Children's burial ground, Tirmacroragh, Co. Donegal
At the base of Craigashanney rock in Tirmacroragh, County Donegal, lies a small rectangular patch of ground that locals have long recognised as a children's burial ground.
Children's burial ground, Tirmacroragh, Co. Donegal
Measuring just 5.5 metres from north to south and 3 metres from east to west, this modest space represents a type of site found scattered throughout rural Ireland; unofficial cemeteries where unbaptised infants were laid to rest when church doctrine prevented their burial in consecrated ground.
The site’s only visible marker is a low upright stone positioned at its southern end, a simple memorial that hints at the countless small tragedies once commonplace in Irish communities. These cillíní, as such burial grounds are known in Irish, served families during centuries when infant mortality was devastatingly high and religious rules were unbending. Parents who lost newborns before baptism, or children who were stillborn, would quietly inter them in these liminal spaces; places that existed somewhere between the sacred and the secular, often located at boundaries, crossroads, or beneath notable landscape features like Craigashanney rock.

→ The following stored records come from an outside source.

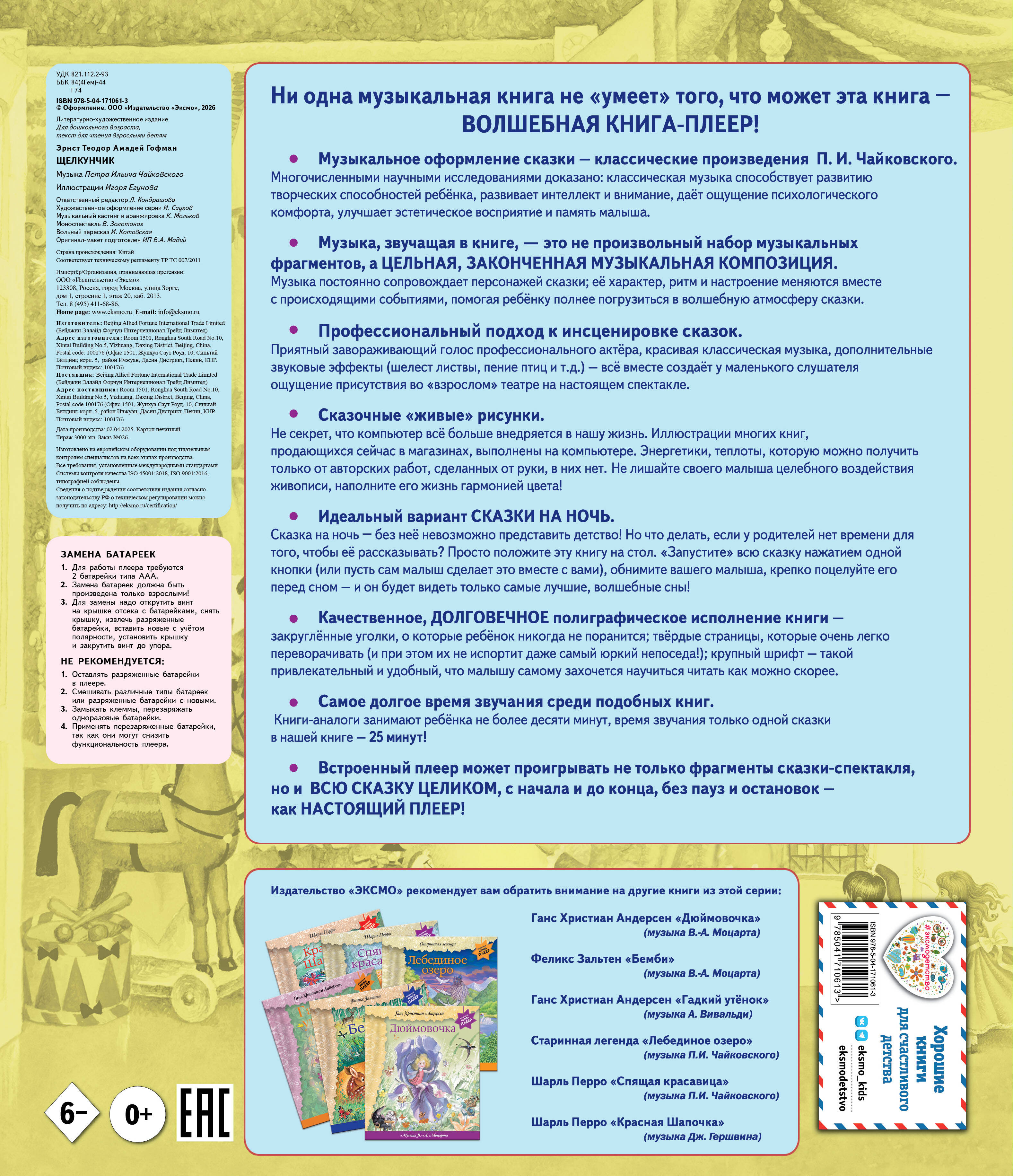 Музыкальная книга-плеер — это прекрасное сочетание традиционной книги и современных технологий. Красочное иллюстрированное издание классической сказки дополнено звуковым модулем-плеером. Яркие, крупные кнопки на панели модуля позволяют прослушать сказку как по главам, так и полностью, от начала до конца, а также сделать паузу в прослушивании. Время звучания всей сказки — 25 минут, РЕКОРД СРЕДИ ЗВУКОВЫХ КНИГ. Наша книга — это идеальный вариант «сказки на ночь»: пока ребёнок слушает книгу и засыпает, взрослые могут заняться своими делами. Профессиональное художественное чтение текста сопровождается завершёнными музыкальными композициями — шедеврами мировой классики. Только в наших книгах-плеерах используются дополнительные звуки (шелест листвы, пение птиц и т. п.), создающие эффект присутствия на настоящем спектакле!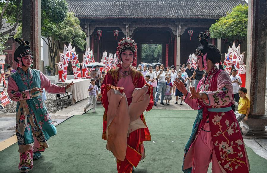 1日、浙江省金華市の無形文化遺産館で、伝統劇「婺劇(ぶげき)」の演目「梳妝」を披露する浙江婺劇芸術研究院の役者たち。(金華=新華社配信/時寛兵)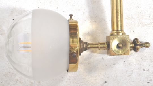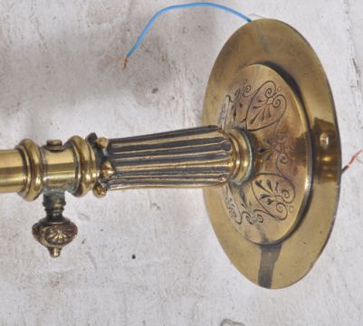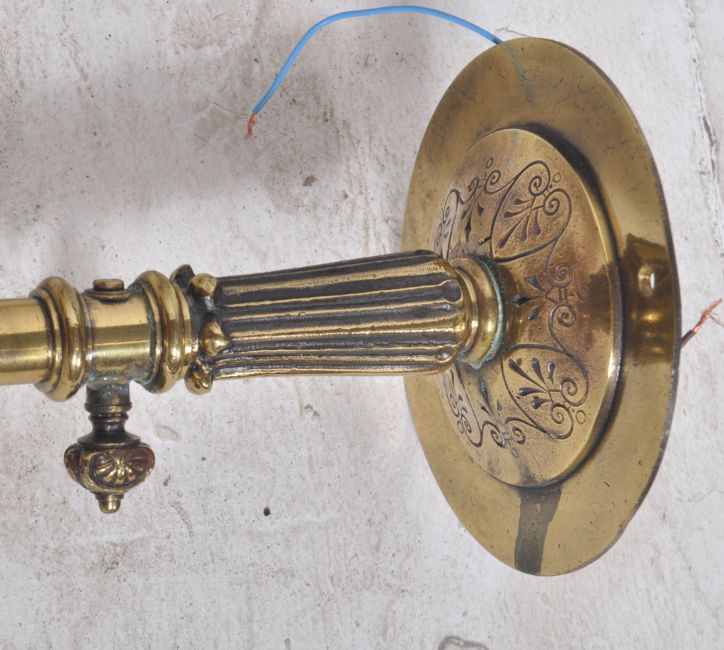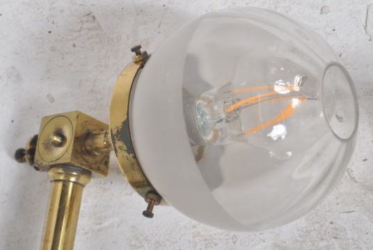 A matching pair of 19th Century Victorian manner brass wall sconces each with acanthus leaf decorated arms supporting glass globe shades. Crica 20th Century. Each measures approx; 32cm.

Though the Tirmacroragh site appears unremarkable today, it forms part of County Donegal’s rich archaeological landscape, documented in the county’s comprehensive archaeological survey compiled in 1983. These children’s burial grounds remind us of a particularly poignant aspect of Irish social history, when grief had to be borne privately and even the smallest members of the community could be excluded from formal religious rites. The tradition of using such sites continued in some parts of Ireland well into the 20th century, making them bridges between ancient custom and living memory.